Special education services for students with disabilities have been addressed in public schools since 1975. However, limited attention has been given to the provision of these services to postsecondary students (Herbert, 2014; Ricardo, Alegre-de-la-Rosa, & López-Aguilar, 2012). Due to privacy issues, disability offices can provide researchers with limited data pertaining to the provision of special services to students. Even with the provision of services under the Americans with Disabilities Act (ADA), only an extended time is given to students through the college or university’s office of disability services. This accommodation, often utilized to assist students with access to education, is insufficient in serving the needs of a diverse population (Lewandowski, Cohen, & Lovett, 2012).

Access to content through modern methods of technology can have a positive impact on academic achievement, leading to more success for students with disabilities due to the multimodal nature of online courses (Englert, Zhao, Collings, & Romig, 2005). Students with disabilities may benefit from multimedia-rich courses and modern teaching methodologies addressing different learning styles (Buckley & Smith, 2007).

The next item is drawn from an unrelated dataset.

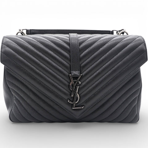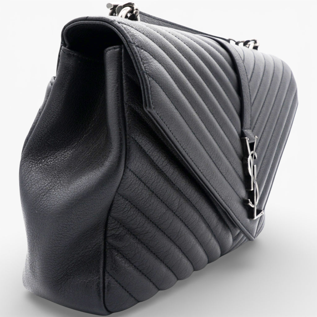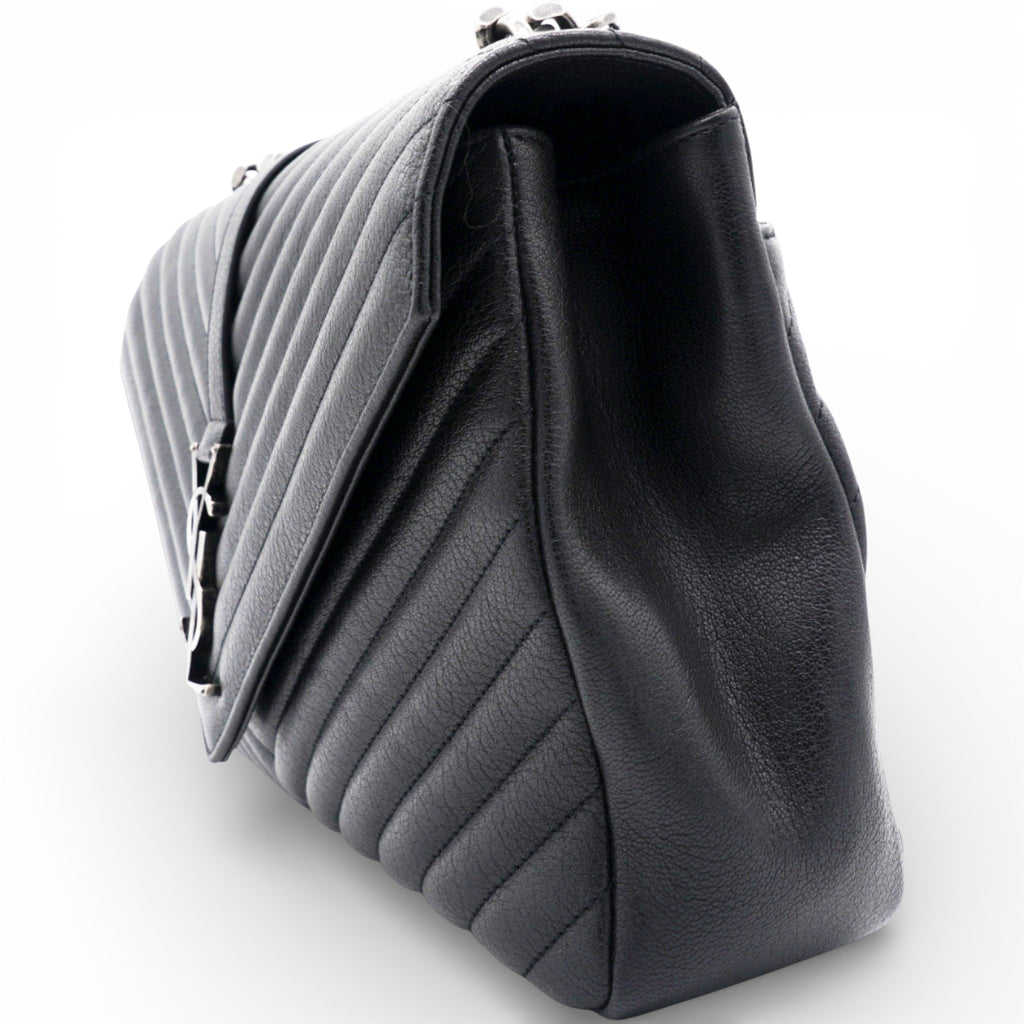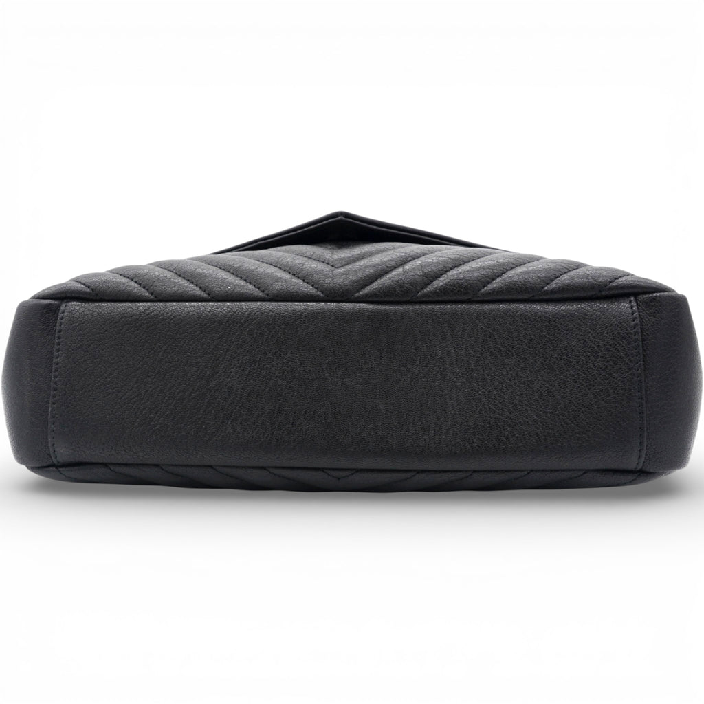 | This elegant bag is crafted of black chevron-quilted sheepskin leather. The bag features a rear patch pocket, an silver chain-link shoulder strap with a leather shoulder pad, a leather top handle, and a front flap with a prominent YSL monogram detail. This opens to a partitioned black fabric and leather interior with a patch pocket and a central zipper compartment. |

In public schools (preK-12), students with disabilities can receive instructional modifications and accommodations for assignments and specific programs of study according to the Individuals with Disabilities Education Improvement Act of 2004. These students may require a reduction of written assignments, oral lessons, assistance for loss or reduced vision or hearing, use of technological devices, oral exams, small group instruction, social skills training, and technical training. Postsecondary students with disabilities may require similar accommodations. Unfortunately, most college faculty and course facilitators are not prepared to redesign online courses to address these unique needs. With specific training and resources, postsecondary educators can more appropriately address the needs of students with disabilities in postsecondary online courses (Grabinger, Aplin, & Ponnappa-Brenner, 2008).

Key Terms in this Chapter

Postsecondary Education: Education beyond high school which is typically provided by a technical school, college or university. Any schooling that follows high school.

Special Needs: The students who meet the specific criteria to be classified as having a disability according to the Americans with Disabilities Act (ADAAA) or Section 504 of the Rehabilitation Act.

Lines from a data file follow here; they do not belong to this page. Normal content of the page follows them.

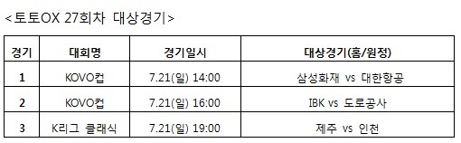 [스포츠토토] 국민체육진흥공단(www.kspo.or.kr)이 발행하는 체육진흥투표권 수탁사업자인 스포츠토토(www.sportstoto.co.kr)가 KOVO컵 삼성화재-대한항공(1경기), IBK-도로공사(2경기), K클래식 제주-인천(3경기) 전 등 3경기를 대상으로 '토토OX' 27회차를 발매한다고 밝혔다.
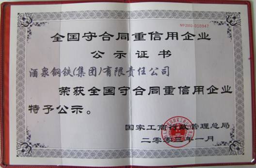 全國守合同重信用企業(yè)
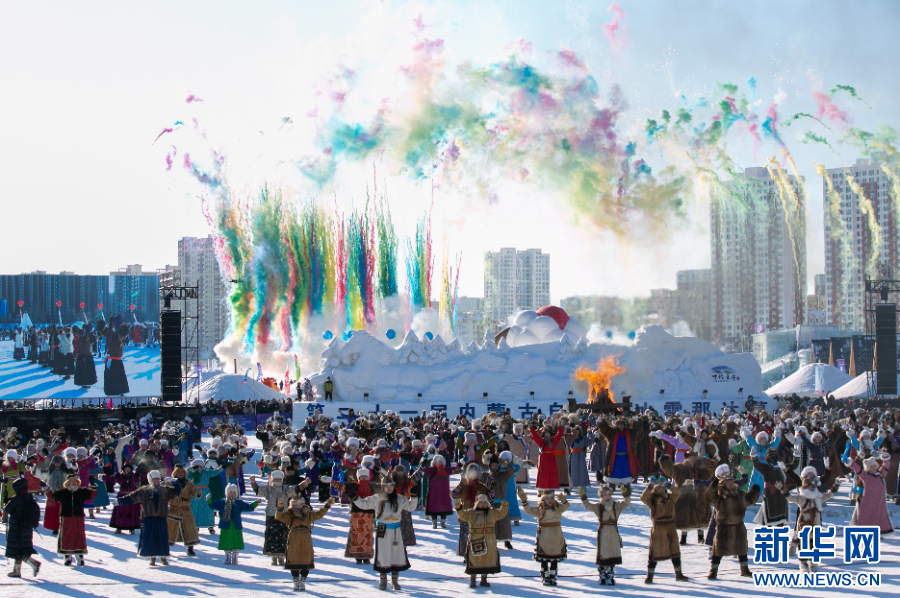 12月21日,演员在第二十一届内蒙古自治区冰雪那达慕开幕仪式上表演。
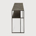 Relying on some of the oldest artistic ancestral techniques, the Pentagon's surface is shaped by our skilled artisans. Natural mineral powders and colour pigments blend to form the unique finish. The receeded lower shelf set against the thickness of the top makes for a revealing graphic contrast against the openness of the base. Clean lines and a standardized height showcase the simple beauty of the metal work.
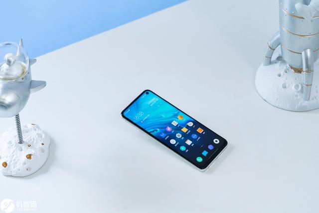 这样的颜色除了给人清凉感之外,对手机其实也有一种视觉减薄的效果,不过上手的话还是能立马感受到这部手机的"分量",约198.8g重量,8.93mm厚度,基本是目前多数5G手机的现状了。
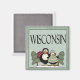 Cute little penguins friends come on a square refrigerator magnet with Wisconsin slogan.

Accommodations: Adjustments in the way students with disabilities access instruction or assessment. Accommodations do not change the construct of the assignment/assessment. Gives equal access to the content without “watering down.”

E-Learning: Web-based or online learning environments. Students access course material outside of the traditional classroom.

Self-Determination: A person acts as a causal agent in one’s affairs by taking responsibility for events or results. A self- determined person possesses the following skills: (1) choice-making, (2) problem-solving, (3) goal setting and attainment, (4) self-awareness, and (5) self-advocacy.

Empowerment: Taking control over one’s education and life choices.

Transition Planning: A planning process that prepares the student for the passage into postsecondary or higher education.

Assistive Technology: Devices or services used to increase, maintain, or improve functional capabilities of a person with a disability. Allows the person with a disability to access the information necessary to accomplish required learning tasks.